Points are transformed using the following steps in PCA:

**Mean Centering:**Subtract the mean of each dimension from the corresponding data points. This ensures that the transformed points are centred around the origin.**Multiply by Eigenvectors:**Multiply the mean-centred data points by the eigenvectors obtained from the eigendecomposition of the covariance matrix. This step projects the data onto a new set of axes defined by the eigenvectors.

The transformed points represent the original data in a new coordinate system where the dimensions are aligned with the directions of maximum variance. This helps in reducing the dimensionality of the data while preserving its essential features.

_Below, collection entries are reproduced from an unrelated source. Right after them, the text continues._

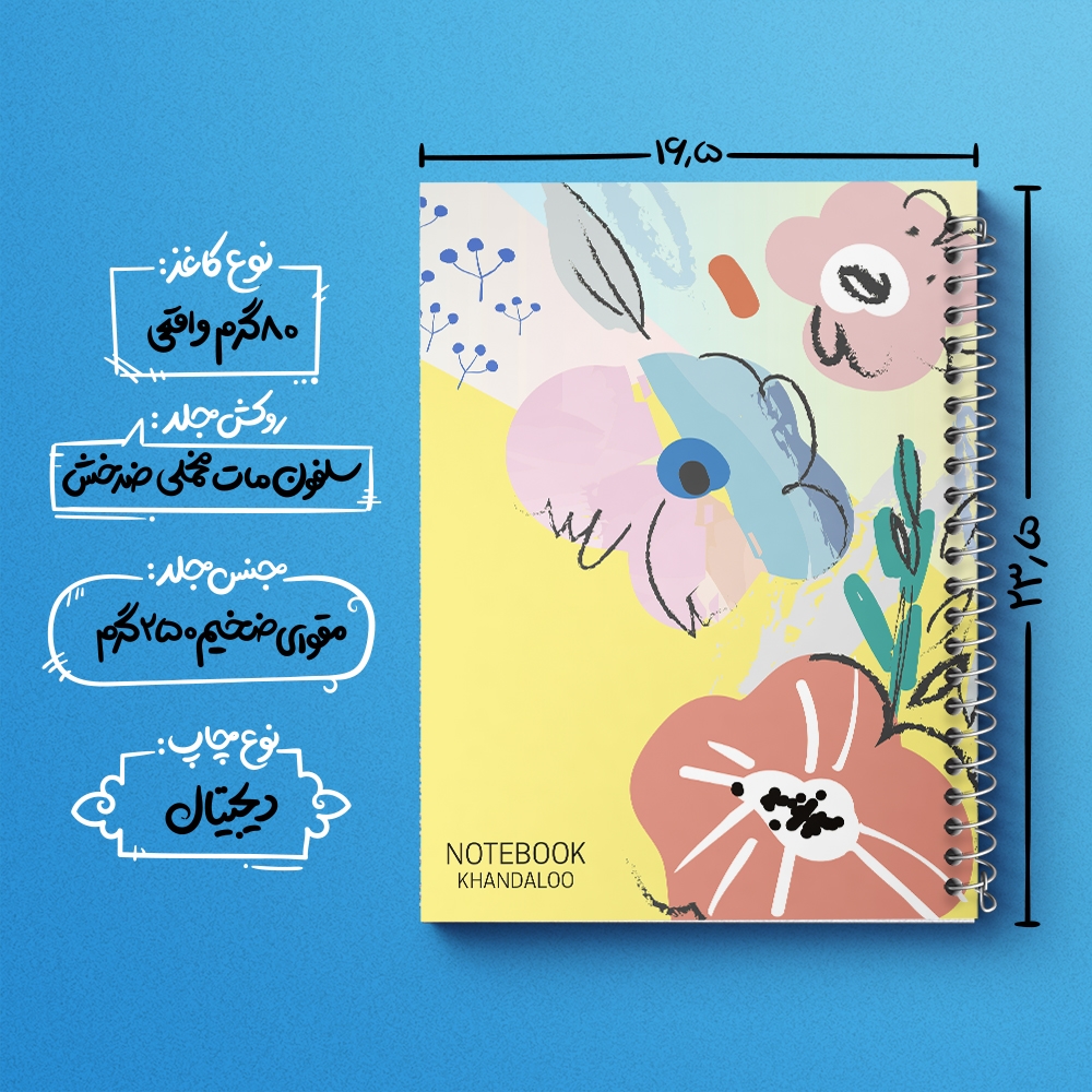 برند خندالو در زمینه تولید انواع دفاتر فانتزی و تحصیلی فعالیت میکند که به دلیل جذابیت ظاهری و طرح های متنوع طرفداران زیادی دارد. دفتر مشق خندالو محصولی مناسب برای استفاده به عنوان دفتر ریاضی، فیزیک، شیمی و جزوات دروس دانشجویان رشته های مختلف است. در تولید این دفتر از نوع صحافی فنر مارپیچ استفاده شده که در این نوع صحافی برگهها به راحتی چرخیده و یا بیرون آورده می شوند. دفتر های خندالو دارای جلد انعطاف پذیر از جنس مقوای گلاسه 250 گرم با روکش سلفون مات مخملی است که به شما امکان میدهد از دفتر خود بدون اینکه نگرانی از شکستن یا خراب شدن جلد را داشته باشید استفاده کنید و همچنین در این دفاتر از کاغذ 80 گرم با کیفیت استفاده شده که باعث میشود هنگام نوشتن به خوبی جوهر قلم بر روی صفحه نشسته و از خط خوردگیها جلوگیری کند. این دفتر مشق با جنس و دوام مناسب، برگه های کاملاً سفید و خطوط طوسی دقیق را داراست که انسان را به نوشتن منظم و زیبا ترغیب میکند. طراحی کاملاً مناسب این دفاتر، به همراه کیفیت بالا، از آن یک محصول مورد علاقه و قابل اعتماد برای همه مقاطع تحصیلی میسازد. دفتر مشق خندالو انتخابی هوشمندانه و مناسب برای افرادی است که به دنبال دفتری با کیفیت و کاربرد عالی هستند. این دفتر، همراه خوبی برای شما در تمام مراحل تحصیل و کار خواهد بود و تجربهای لذتبخش از نوشتن و آموختن را به شما هدیه میدهد.
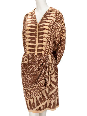 Brown and tan abstract printed blouse with spread collar, set in drop long sleeves, and front button closure; paired with matching wrap skirt.
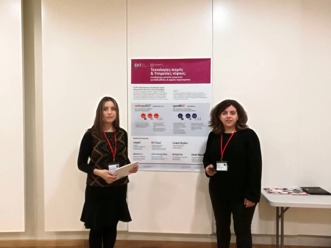 - τις υπηρεσίες νέφους openABEKT & Αποθετήρια ΕΚΤ, με το poster «Τεχνολογίες αιχμής και υπηρεσίες νέφους: ένα βιώσιμο μοντέλο υπηρεσιών για βιβλιοθήκες & φορείς περιεχομένου» (Κατερίνα Μπάρτζη, Αλεξία Παναγοπούλου, Έλενα Λαγούδη, Νίκος Βασιλογαμβράκης, Αγάθη Παπανότη, Πηνελόπη Καραγιάννη, Παρασκευάς Καμάτσος, Ελένη Αγγελίδη, Δέσποινα Χαρδούβελη, Γιώργος Σταύρου, Κώστας Σταμάτης, Παναγιώτης Κονταξής, Εύη Σαχίνη).
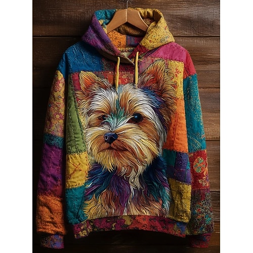 Per donna Felpa con cappuccio Grafico Cane Elegante Caldo Attivo Manica Lunga Con Cappuccio Top Regolari Casuale Streetwear Abbigliamento Quotidiano Patchwork Stampato Arancione Primavera Autunno
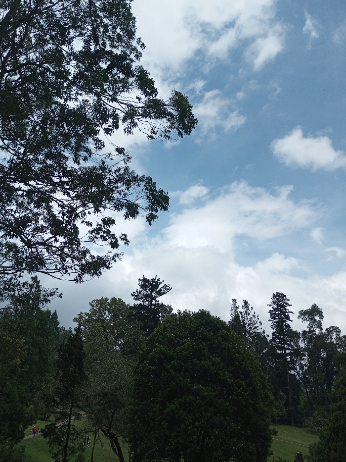 - "Lush green trees fill the lower half of the image, varying in height and density, while the upper portion is dominated by a bright blue sky dotted with puffy white clouds" by FM-AX1Wz1, licensed under CC BY 4.0
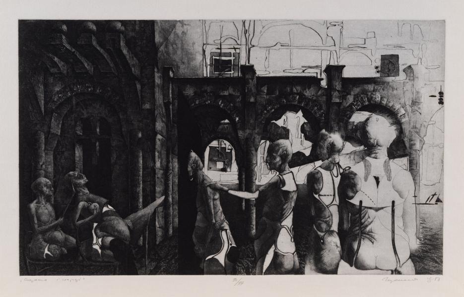 У своїй готичній подобі такі гротески відображають людські вади у їхній апокаліптичній формі – їхню справжню форму, що ховається за видимим, одкровення прихованого людського гріха, яким він постане у Судний день. Чи є видіння Подольчака у цьому фантастичному просторі репресій так само апокаліптичними, чи, можливо, вони сигналізують, що політичний острах перед орвелівськими кошмарами перетворюється на екстаз?» (Едвард Коллесс, «Есе». До каталогу виставки «Igor Podolchak. Ukrainian Printmaker», 1991).
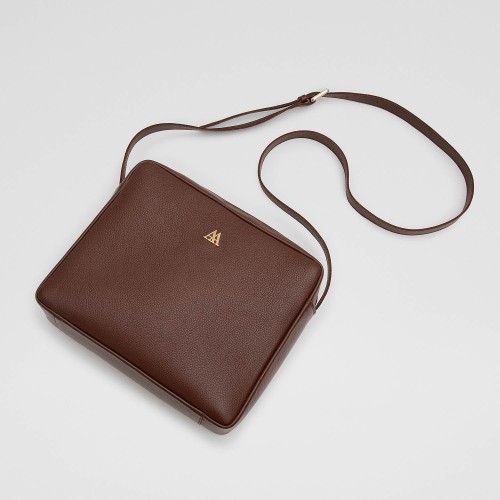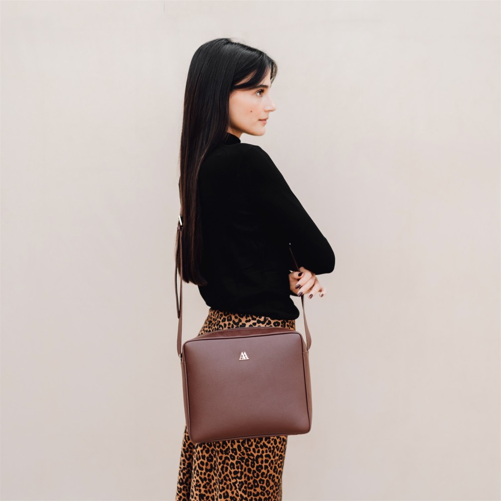 Berta bag, shoulder bag, square format, made in dark brown engraved leather.
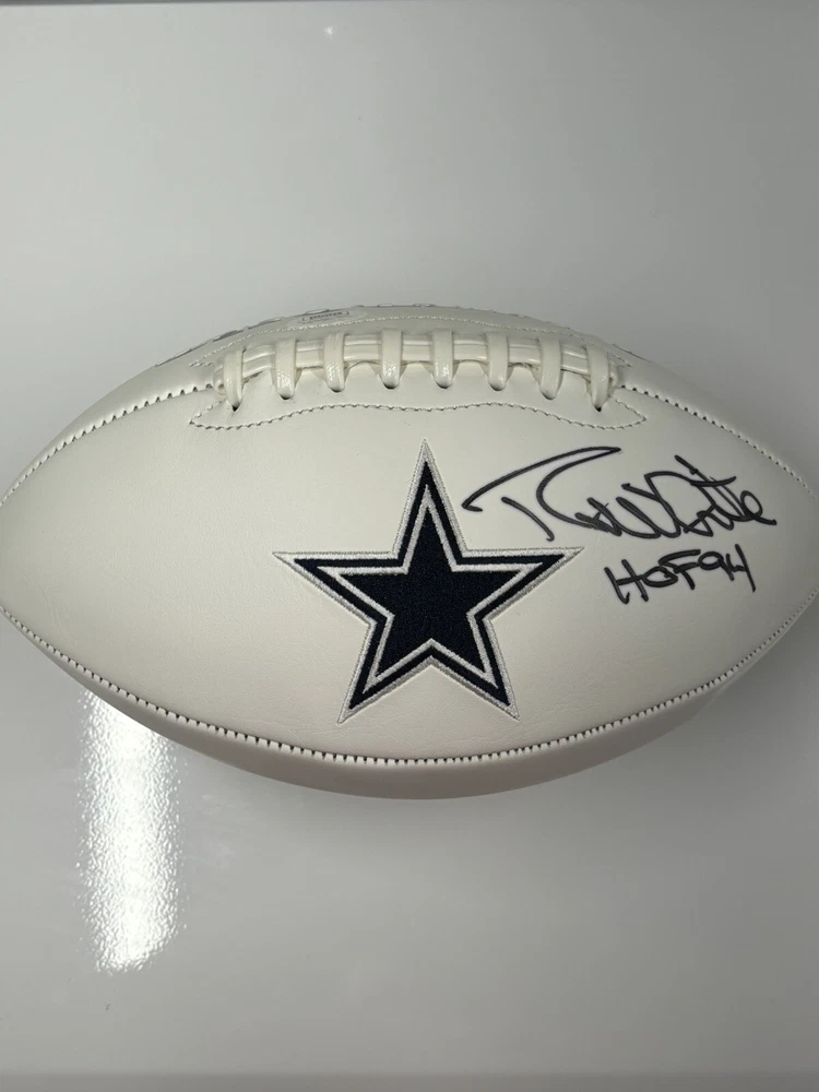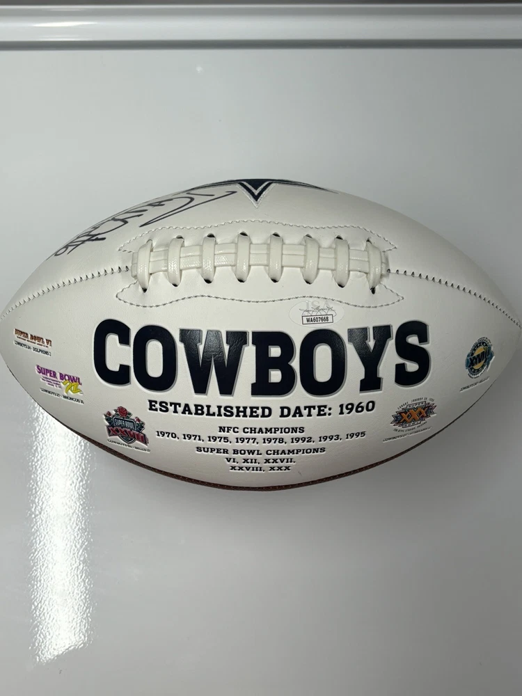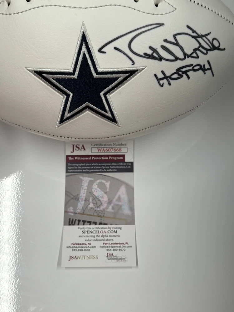 This Dallas Cowboys logo football is a must-have for any fan, especially those who admire the legendary Randy White. The ball has been hand-signed by White himself, and comes with authentication from James Spence Authentication (JSA). This makes it a guaranteed original autograph, without any questions about authenticity. The football is in great shape, ready to be display or added to a collection. The team logo and colors are featured prominently on the ball, making it a great addition to any sports memorabilia collection. Don't miss out on the chance to own a piece of football history.

This Python code demonstrates the application of Principal Component Analysis (PCA) on a synthetic dataset using the NumPy, Pandas, and Plotly libraries. Here is a step-by-step explanation of the code:

### Step 1: Generate Synthetic Dataset

- Two classes are created, each with three features (‘feature1’, ‘feature2’, ‘feature3’).

```
import numpy as np
import pandas as pd
np.random.seed(23)
mu_vec1 = np.array([0,0,0])
cov_mat1 = np.array([[1,0,0],[0,1,0],[0,0,1]])
class1_sample = np.random.multivariate_normal(mu_vec1, cov_mat1, 20)
df = pd.DataFrame(class1_sample,columns=['feature1','feature2','feature3'])
df['target'] = 1
mu_vec2 = np.array([1,1,1])
cov_mat2 = np.array([[1,0,0],[0,1,0],[0,0,1]])
class2_sample = np.random.multivariate_normal(mu_vec2, cov_mat2, 20)
df1 = pd.DataFrame(class2_sample,columns=['feature1','feature2','feature3'])
df1['target'] = 0
df = df.append(df1,ignore_index=True)
df = df.sample(40)
```

- The dataset is combined into a Pandas DataFrame and visualized using a 3D scatter plot.

```
import plotly.express as px
#y_train_trf = y_train.astype(str)
fig = px.scatter_3d(df, x=df['feature1'], y=df['feature2'], z=df['feature3'],
color=df['target'].astype('str'))
fig.update_traces(marker=dict(size=12,
line=dict(width=2,
color='DarkSlateGrey')),
selector=dict(mode='markers'))
fig.show()
```

### Step 2: Standardize the Data

- Standard scaling is applied to the features to ensure they have zero mean and unit variance.

```
from sklearn.preprocessing import StandardScaler
scaler = StandardScaler()
df.iloc[:, 0:3] = scaler.fit_transform(df.iloc[:, 0:3])
```

### Step 3: Calculate Covariance Matrix

- The covariance matrix is computed for the standardized features.

```
covariance_matrix = np.cov([df.iloc[:, 0], df.iloc[:, 1], df.iloc[:, 2]])
print('Covariance Matrix:\n', covariance_matrix)
```

### Step 4: Perform Eigendecomposition

- Eigenvalues and eigenvectors are obtained from the covariance matrix.

```
eigen_values, eigen_vectors = np.linalg.eig(covariance_matrix)
print('Eigenvalues:\n', eigen_values)
print('Eigenvectors:\n', eigen_vectors)
```

### Step 5: Visualization of Eigenvectors

- The eigenvectors are visualized in a 3D plot along with the original dataset.

```
fig = plt.figure(figsize=(7, 7))
ax = fig.add_subplot(111, projection='3d')
# Visualization code for eigenvectors and data points
plt.show()
```

### Step 6: Project Data onto Principal Components

- The data is projected onto the first two principal components.

```
pc = eigen_vectors[0:2]
transformed_df = np.dot(df.iloc[:, 0:3], pc.T)
new_df = pd.DataFrame(transformed_df, columns=['PC1', 'PC2'])
new_df['target'] = df['target'].values
```

### Step 7: Visualize Transformed Data

- The transformed data is visualized in a 2D scatter plot.

```
new_df['target'] = new_df['target'].astype('str')
fig = px.scatter(x=new_df['PC1'], y=new_df['PC2'], color=new_df['target'], color_discrete_sequence=px.colors.qualitative.G10)
fig.update_traces(marker=dict(size=12, line=dict(width=2, color='DarkSlateGrey')), selector=dict(mode='markers'))
fig.show()
```

This code showcases the key steps of PCA, including standardization, covariance matrix computation, eigendecomposition, and data transformation for dimensionality reduction. The resulting 2D scatter plot illustrates the separation of classes along the principal components.